◆ TASK INPUTS
Content starts
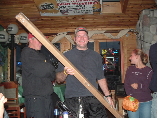 | Great time again and the weather was FANTASTIC compared to '04. In the words of Beavis & Butthead, "Hey Beavis, I think next year we're gonna score." "Hmm...Hmm...yeah...yeah. SCORE!" Seriously, thank you to all the sponsors for the great prizes (special thanks to Thorne Bros. for the SWEAT rod, not sure I can bring myself to use it, too nice) and all who put this one on. | |||
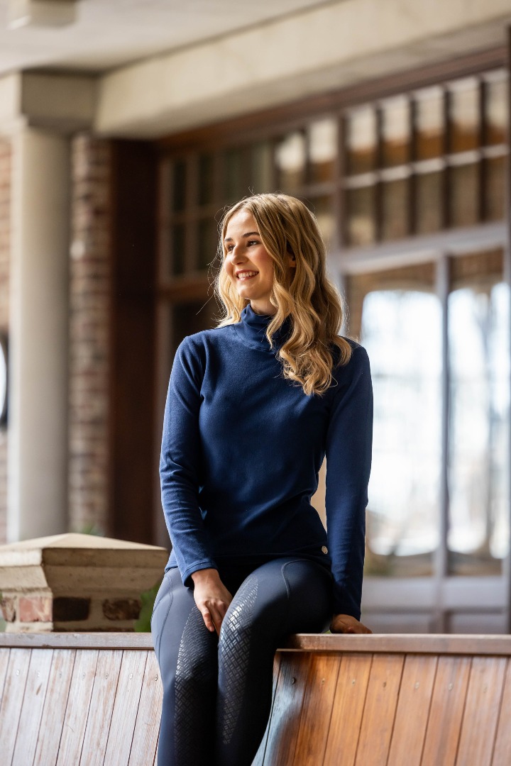 Golf HKM Eva został stworzony z myślą o jeźdźcach, którzy cenią sobie wygodę, funkcjonalność i komfort termiczny. Wykonany z niezwykle przyjemnego dla ciała, miękkiego i elastycznego polaru. Materiał ten zapewnia wysoki stopień utrzymywania ciepła oraz swobodę ruchów. Klasyczny krój z wysokim kołnierzem doskonale chroni szyję przed zimnem, a elastyczna tkanina dopasowuje się do sylwetki.
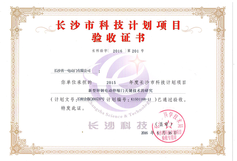 長(zhǎng)沙市科技計(jì)劃項(xiàng)目驗(yàn)收證書(shū)
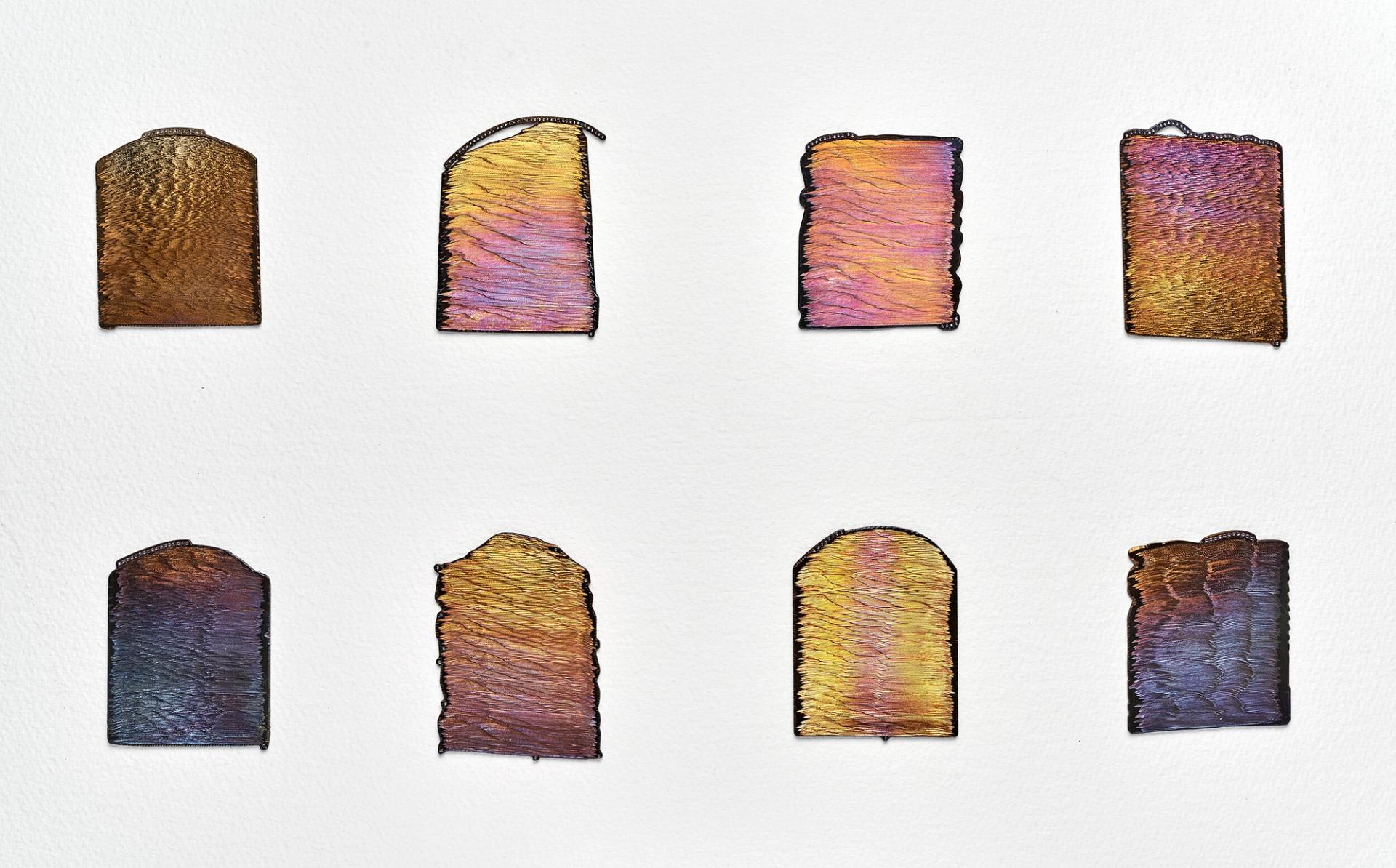 DB: The upcoming exhibit, which I guess I’ve been thinking about it and working on it for over twenty years, is thinking about Monet capturing the light. It’s about work I’ve been doing with aluminum and steel and gold, where there is no applied color, whatsoever. It is through the engraving and placement on the wall—they act almost as diffraction line gradings, giving back to the viewer purples and blues and colors that are not pigment colors. They’re intense light colors.
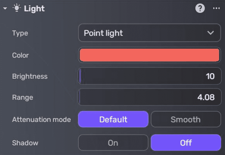 | Brightness | The intensity or strength of the point light's light. Ranges from 0 to 1000. Default: 1. |
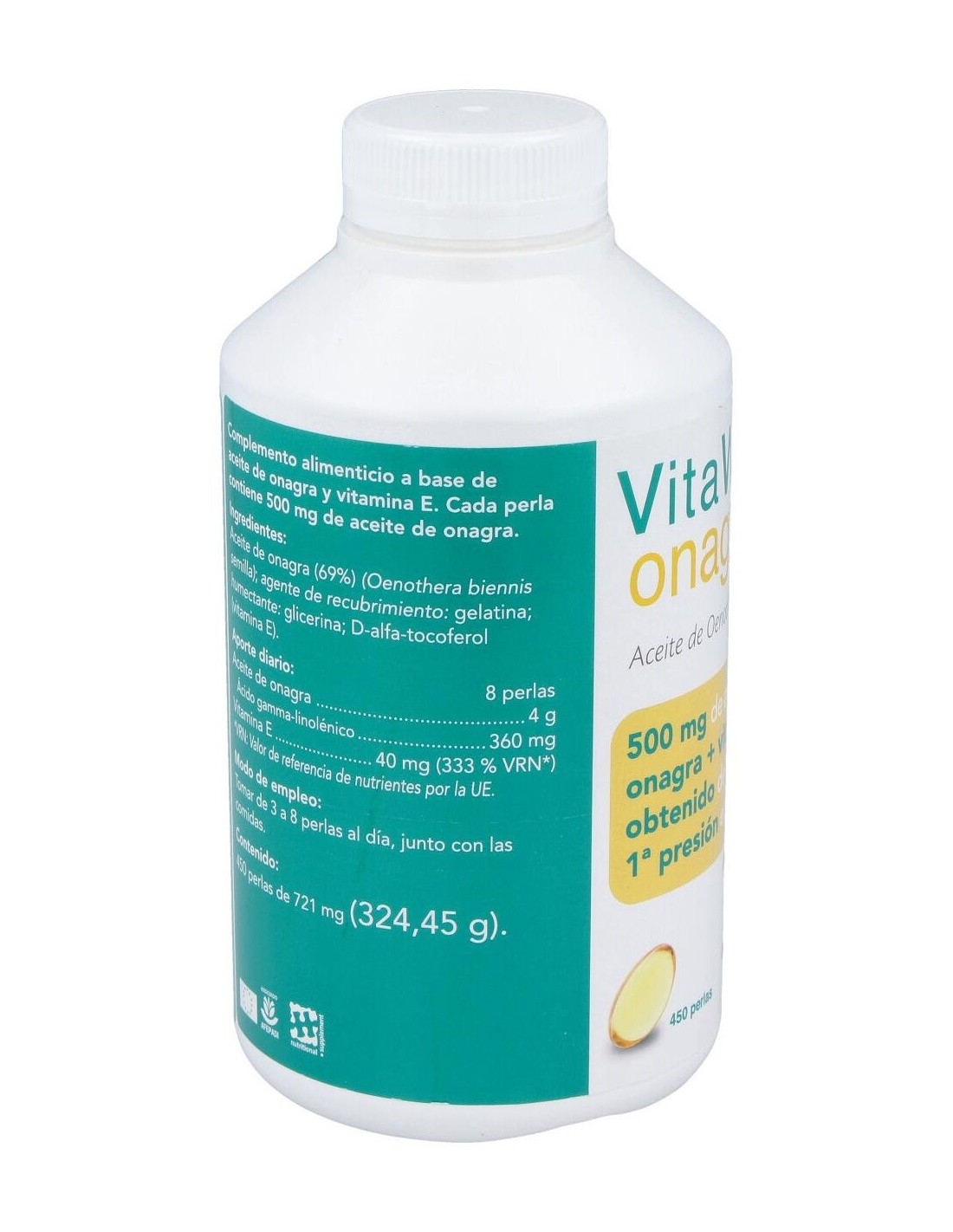 4 g de aceite de onagra y 20 mg de vitamina E.
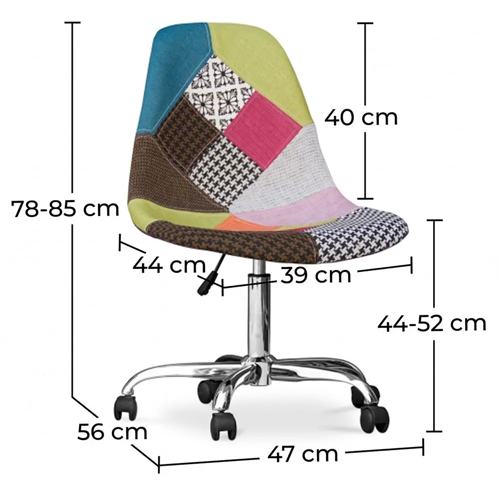 Do you love patchwork, and are you looking for a new desk chair? Then this patchwork office chair might very well be your next addition to your home. Notice its ultra-sleek looks. Most prominent perhaps is its seat material, which is upholstered in patchwork fabric. It features a plethora of charming colors. Do you want to easily move your next desk chair around your office or living room? No problem! It can easily be done with this one, as it features five steel legs with wheels. It's also easy to adjust the chair's position, with its swivel seat and its adjustable height.
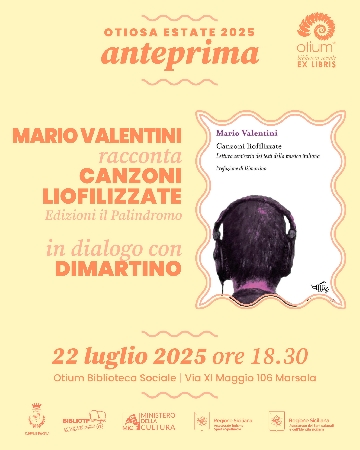 Martedì 22 luglio alle 18.30, all’Otium di via XI Maggio 106 a Marsala, Mario Valentini presenta Canzoni liofilizzate.
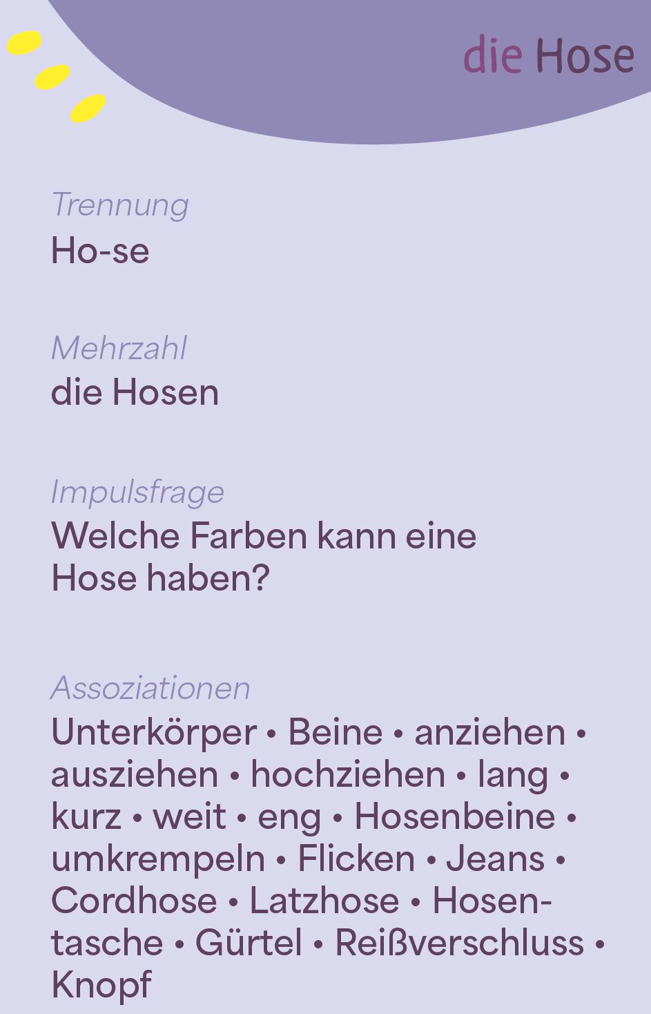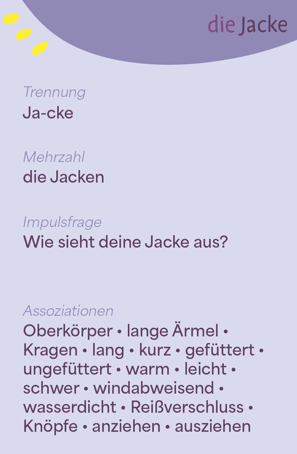 Alltagswörter spielerisch entdecken! Jacke, Hose, Bademantel mit diesen liebevoll illustrierten Wortschatzkärtchen lernen die Kinder alltägliche Lebensmittel spielerisch kennen. Die Rückseiten bieten praktische Informationen wie Mehrzahlformen, Silbentrennung ...
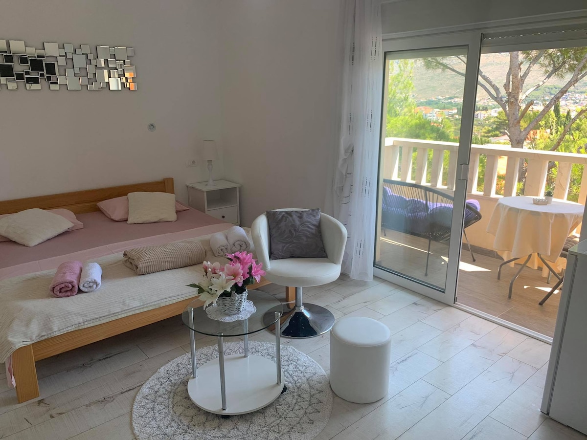 Enjoy your stay in studio apartment "Sanimar" for 2 persons . It's only 3 minutes walking distance from the Bačvice beach and 5 minutes from the Diocletian's palace. It's equipped with everything You need for pleasent stay - air conditioning, cable TV, free Wi-Fi, kitchen... The bonus is a beautiful large terrace with a view on the backyard, where you can relax undisturbed. Only few steps away from the apartment, there is a big grocery store and street workout park.
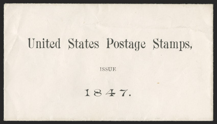 appearance a very rare essay of the 1847 Issue.#2-E3, 10c Black, frame only die essay on India, 41x55mm, fresh color, a few minor India paper translucent stains, small surface nick in the right frame line, very fine appearance; a very rare essay of the 1847 Issue. (Image) $2,500.00
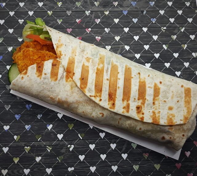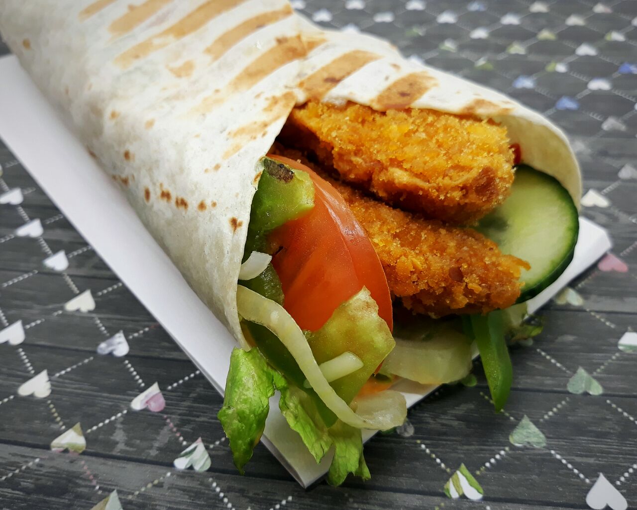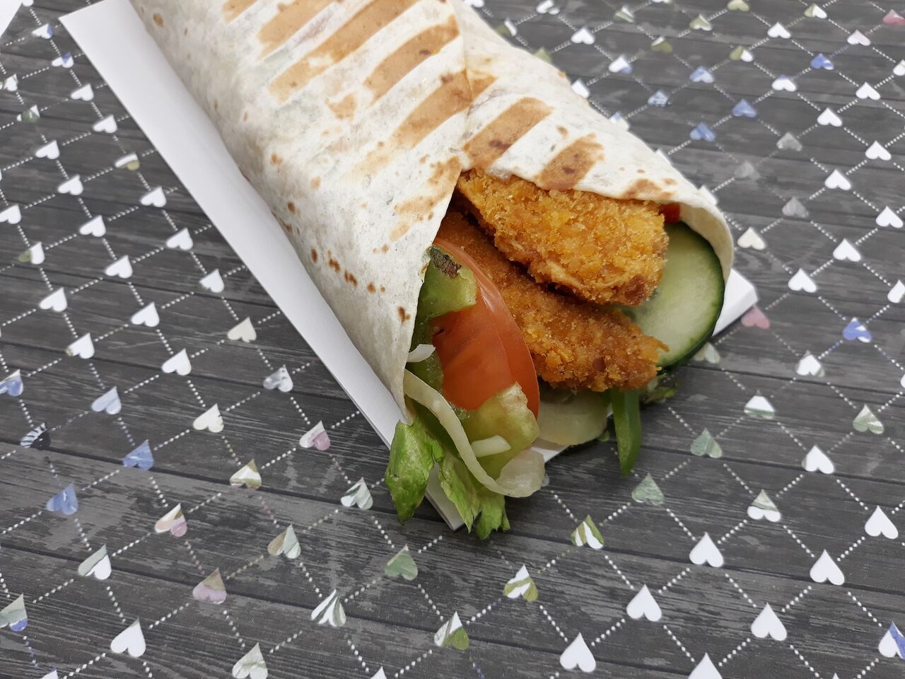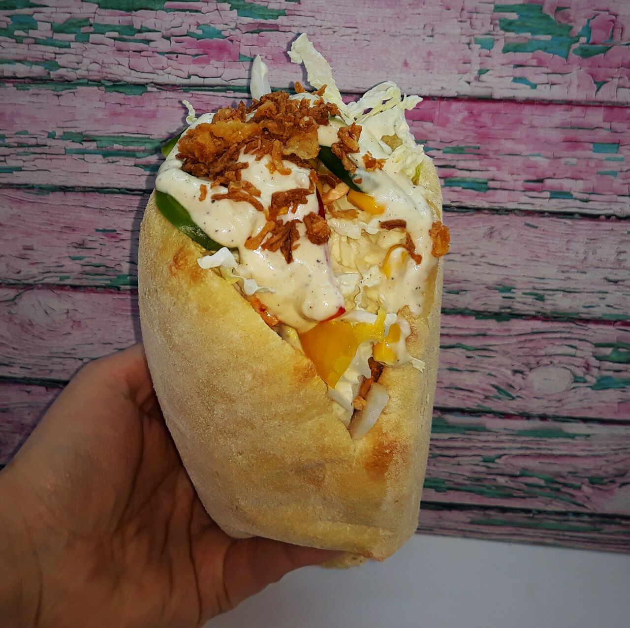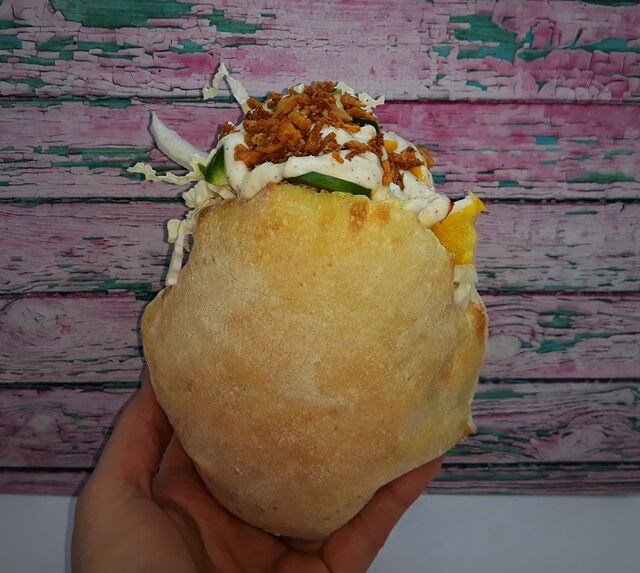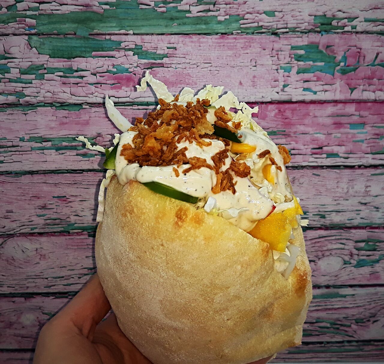 Gyros w wypiekanej bułce z pieca, pierś z kurczaka w aromatycznych przyprawach, kapusta pekińska oraz wyśmienity sos czosnkowy
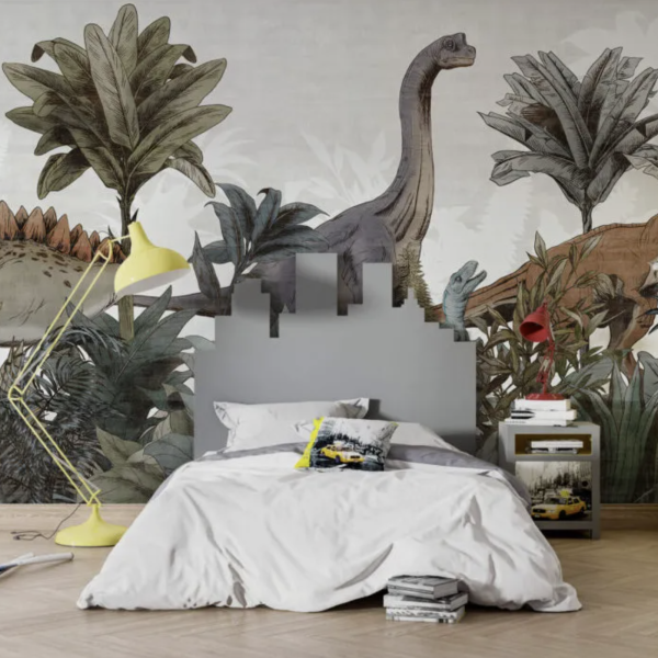 Ormandaki Dinozor Desenli 3D Duvar Kağıdı
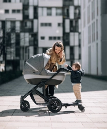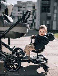 Montáž je otázkou chvilky – systém uchycení je robustní, přitom rychlý a kompatibilní s většinou evropských kočárků. Dvě odolná otočná kolečka o průměru 11,5 cm zajišťují stabilitu a plynulý pohyb ve městě i v parku. Praktická možnost sklopení šetří místo, když stupátko zrovna nepoužíváte.
Content ends
◆ GOAL OF THE EXERCISE
The copy should match each line above exactly and contain no images.

◆ TASK RESPONSE
 | Great time again and the weather was FANTASTIC compared to '04. In the words of Beavis & Butthead, "Hey Beavis, I think next year we're gonna score." "Hmm...Hmm...yeah...yeah. SCORE!" Seriously, thank you to all the sponsors for the great prizes (special thanks to Thorne Bros. for the SWEAT rod, not sure I can bring myself to use it, too nice) and all who put this one on. | |||
 Golf HKM Eva został stworzony z myślą o jeźdźcach, którzy cenią sobie wygodę, funkcjonalność i komfort termiczny. Wykonany z niezwykle przyjemnego dla ciała, miękkiego i elastycznego polaru. Materiał ten zapewnia wysoki stopień utrzymywania ciepła oraz swobodę ruchów. Klasyczny krój z wysokim kołnierzem doskonale chroni szyję przed zimnem, a elastyczna tkanina dopasowuje się do sylwetki.
 長(zhǎng)沙市科技計(jì)劃項(xiàng)目驗(yàn)收證書(shū)
 DB: The upcoming exhibit, which I guess I’ve been thinking about it and working on it for over twenty years, is thinking about Monet capturing the light. It’s about work I’ve been doing with aluminum and steel and gold, where there is no applied color, whatsoever. It is through the engraving and placement on the wall—they act almost as diffraction line gradings, giving back to the viewer purples and blues and colors that are not pigment colors. They’re intense light colors.
 | Brightness | The intensity or strength of the point light's light. Ranges from 0 to 1000. Default: 1. |
 4 g de aceite de onagra y 20 mg de vitamina E.
 Do you love patchwork, and are you looking for a new desk chair? Then this patchwork office chair might very well be your next addition to your home. Notice its ultra-sleek looks. Most prominent perhaps is its seat material, which is upholstered in patchwork fabric. It features a plethora of charming colors. Do you want to easily move your next desk chair around your office or living room? No problem! It can easily be done with this one, as it features five steel legs with wheels. It's also easy to adjust the chair's position, with its swivel seat and its adjustable height.
 Martedì 22 luglio alle 18.30, all’Otium di via XI Maggio 106 a Marsala, Mario Valentini presenta Canzoni liofilizzate.
 Alltagswörter spielerisch entdecken! Jacke, Hose, Bademantel mit diesen liebevoll illustrierten Wortschatzkärtchen lernen die Kinder alltägliche Lebensmittel spielerisch kennen. Die Rückseiten bieten praktische Informationen wie Mehrzahlformen, Silbentrennung ...
 Enjoy your stay in studio apartment "Sanimar" for 2 persons . It's only 3 minutes walking distance from the Bačvice beach and 5 minutes from the Diocletian's palace. It's equipped with everything You need for pleasent stay - air conditioning, cable TV, free Wi-Fi, kitchen... The bonus is a beautiful large terrace with a view on the backyard, where you can relax undisturbed. Only few steps away from the apartment, there is a big grocery store and street workout park.
 appearance a very rare essay of the 1847 Issue.#2-E3, 10c Black, frame only die essay on India, 41x55mm, fresh color, a few minor India paper translucent stains, small surface nick in the right frame line, very fine appearance; a very rare essay of the 1847 Issue. (Image) $2,500.00
 Gyros w wypiekanej bułce z pieca, pierś z kurczaka w aromatycznych przyprawach, kapusta pekińska oraz wyśmienity sos czosnkowy
 Ormandaki Dinozor Desenli 3D Duvar Kağıdı
 Montáž je otázkou chvilky – systém uchycení je robustní, přitom rychlý a kompatibilní s většinou evropských kočárků. Dvě odolná otočná kolečka o průměru 11,5 cm zajišťují stabilitu a plynulý pohyb ve městě i v parku. Praktická možnost sklopení šetří místo, když stupátko zrovna nepoužíváte.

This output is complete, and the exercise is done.